Beyond Marks: Prioritising Mental Health and Self-Worth in a Grade-Obsessed Culture

Image - Canva

Imagine a world where your entire worth is summed up by a number, not your phone number, not your lucky lottery digits, but your exam score. Welcome to the modern student’s dilemma, where a few percentage points can feel like the difference between glory and gloom. It is like telling a fish it is a failure because it cannot climb a tree—absurd, right? And yet, for millions of students, this is a daily reality.
In a culture where a 90 percent score is worn like a crown and anything less is almost whispered in shame, it is time to challenge the narrative. What is getting lost in the pursuit of perfect marks is something far more valuable: a child's mental health, individuality, and sense of self-worth.
Here is why marks should never be the sole measure of a child’s brilliance:
The Psychological Toll
According to Jasmine Arora, a consultant clinical psychologist at Artemis Hospitals, more than 90% is the ultimate glory, capturing the societal obsession with top scores. But this tunnel vision leaves a large majority of students feeling unseen and undervalued. She says that marks do not reflect a child’s full intelligence, potential, or future success.
She explains that the constant pressure to perform academically often breeds anxiety, stress, and even depression. Many children begin to equate their self-worth with their academic results, leading to a fear of failure and loss of interest in learning. “It makes what should be a joyride a stressful process,” she says.
She also points out a key neurological insight: the prefrontal cortex, responsible for decision-making and managing stress, is still developing in children.

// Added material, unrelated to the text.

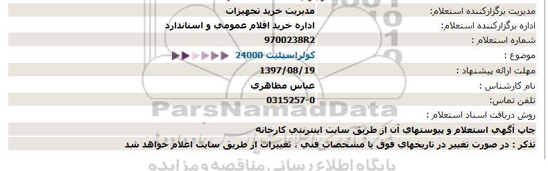 اداره برگزارکننده استعلام: اداره خرید اقلام عمومی و استاندارد
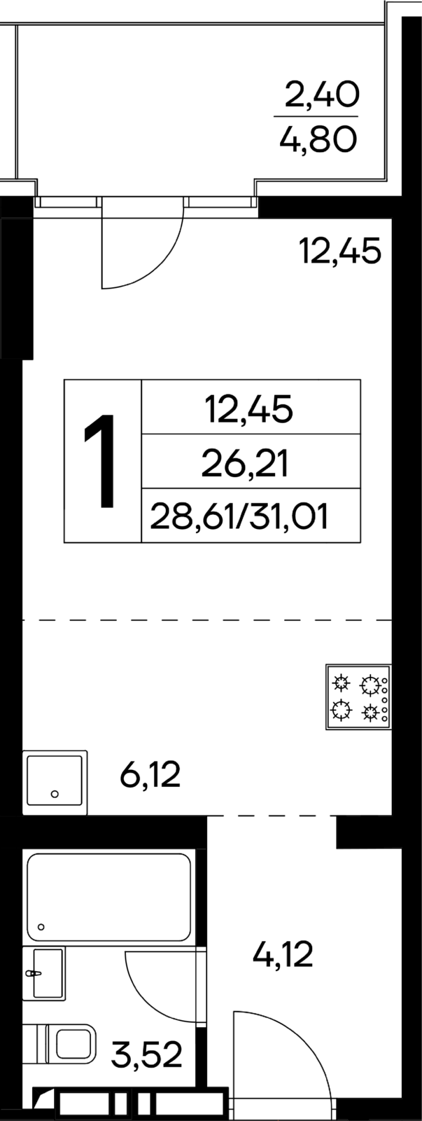 | Студии | от 26 м² | от 11,78 млн ₽ | 2 |

When overburdened with expectations, the brain’s amygdala triggers anxiety, impairing emotional health and cognitive function. This can lead to long-term consequences, including performance anxiety and academic burnout.
In her view, success is rooted not in a number on a paper but in the resilience, curiosity, and self-belief a child carries through life. “Let us remind children that they are so much more than their grades,” she urges.
Rewriting the Rules
“Every child is more than a percentage,” remarked Dr. Sunita Gandhi, an educator, challenging the entire exam-centric model. While toppers are celebrated, she reminds us that all children deserve recognition, not for what they score but for who they are.
She explains that exam results are poor indicators of intelligence or potential. Factors like subjective marking, moderation policies, and the margin of error (often 3–7%) render most comparisons statistically shaky. Worse still, this obsession with marks promotes rote learning over real understanding and short-term memory over long-term growth.
“Children even get depressed over one or two marks less than 90%,” she shares, pointing out the emotional toll. Success, she argues, is not linear and the real world values resilience, empathy, creativity, and adaptability far more than academic rankings.
Dr. Gandhi calls for a radical shift: from grades to growth, from results to real learning. “We must affirm children’s worth,” she says, advocating for an education system that nurtures character, life skills, and values such as compassion, curiosity, and climate consciousness.
She outlines a 21st-century vision of education grounded in collaboration, critical thinking, and connectedness, a system that values each child’s unique potential to contribute meaningfully to their families, communities, and the world.